By Myrna M. Velasco –  January 12, 2017, 10:01 PM
from Manila Bulletin

The economic cluster of the Duterte Cabinet has already given the green light for the use of the Malampaya Fund to retire the estimated P245-billion residual liabilities of the Power Sector Assets and Liabilities Management Corporation (PSALM), a policy that is built upon the goal of lowering electricity rates for consumers.

“That measure (use of Malampaya Fund), I have already submitted that to the Cabinet Economic Cluster and it was already approved… they don’t have any reservations about it, we’re one in this,” Energy Secretary Alfonso G. Cusi said in an interview.

If the Malampaya Fund will be applied to settle the remaining power sector debts, it is estimated that electricity rates being passed on to the Filipino consumers can be reduced by as much as P0.28 per kilowatt hour – reckoned from the aggregate cost recoveries for stranded debts and stranded contract costs being reflected as universal charges  (UCs) in the electric bills.

Cusi said if there’s seeming delay in the use of the Malampaya Fund to retire the power sector’s outstanding financial obligations, “that’s because this whole process needs to pass through legislation.” But he qualified “so far, we (the Executive Branch and Congress) have been moving simultaneously on this measure.”

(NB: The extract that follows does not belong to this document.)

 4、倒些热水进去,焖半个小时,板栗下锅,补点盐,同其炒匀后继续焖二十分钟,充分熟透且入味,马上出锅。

The energy chief discerned that this “Malampaya Fund getting stranded in government coffers has some contradicting points – that while we have the money intended for energy resource development, the irony is that we’re actually having shortage in electricity supply… if it’s like in a family: We have the money, but we are actually poor and there’s nothing we can use to buy food because that amount is stranded in an account… so that’s not coming as a right balance.”

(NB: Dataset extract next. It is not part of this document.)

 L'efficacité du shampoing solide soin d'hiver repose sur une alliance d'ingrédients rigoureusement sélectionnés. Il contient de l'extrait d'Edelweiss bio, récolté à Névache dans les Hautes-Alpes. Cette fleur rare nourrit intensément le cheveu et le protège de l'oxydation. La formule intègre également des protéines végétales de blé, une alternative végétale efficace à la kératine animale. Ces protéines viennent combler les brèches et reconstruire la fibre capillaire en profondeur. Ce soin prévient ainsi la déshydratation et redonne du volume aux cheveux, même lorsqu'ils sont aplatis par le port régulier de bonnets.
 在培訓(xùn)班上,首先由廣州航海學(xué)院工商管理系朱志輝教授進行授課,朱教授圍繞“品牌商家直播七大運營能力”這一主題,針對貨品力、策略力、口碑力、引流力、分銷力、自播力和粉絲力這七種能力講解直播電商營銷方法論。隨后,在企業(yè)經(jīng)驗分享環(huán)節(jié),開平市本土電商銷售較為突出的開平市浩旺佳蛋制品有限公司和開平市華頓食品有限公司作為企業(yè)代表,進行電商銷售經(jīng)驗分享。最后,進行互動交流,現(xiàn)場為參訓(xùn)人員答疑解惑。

As communicated to the Department of Energy (DOE), the Malampaya Fund reportedly has R228-billion deposit since three months ago – labeled in the national treasury as “special account.”

Previous policies allowed Presidential discretion on fund release from the State’s gas royalty share but a ruling of the Supreme Court already invalidated such practice.

Cusi said this circuitous process of doing it through legislation is the only way for this energy resource fund to be applied in getting rid of the remaining massive power debts. In other countries, he said, “for their rates to go down, they’re not doing ‘cash conversion’ of their government share or what they call as ‘wealth of the nation’, instead the amount corresponding to that is automatically utilized to keep their electricity rates lower.”

He stressed “if we did the same, and we have not opted to convert our Malampaya revenue share to cash, and we’ve instinctively applied the amounts to moderate the price of power, our electricity rates should have been more affordable.”

Cusi expounded that with the use of the Malampaya Fund, “instead of collecting the universal charge from the consumers, we’ll just pay the debts.”

Presently, PSALM has pending applications with the Energy Regulatory Commission (ERC) for P35 billion worth of stranded debts and P70.12 billion for stranded contract costs recoveries – that when regulatory approvals would come in, these would be reflected as UC components in the electric bills.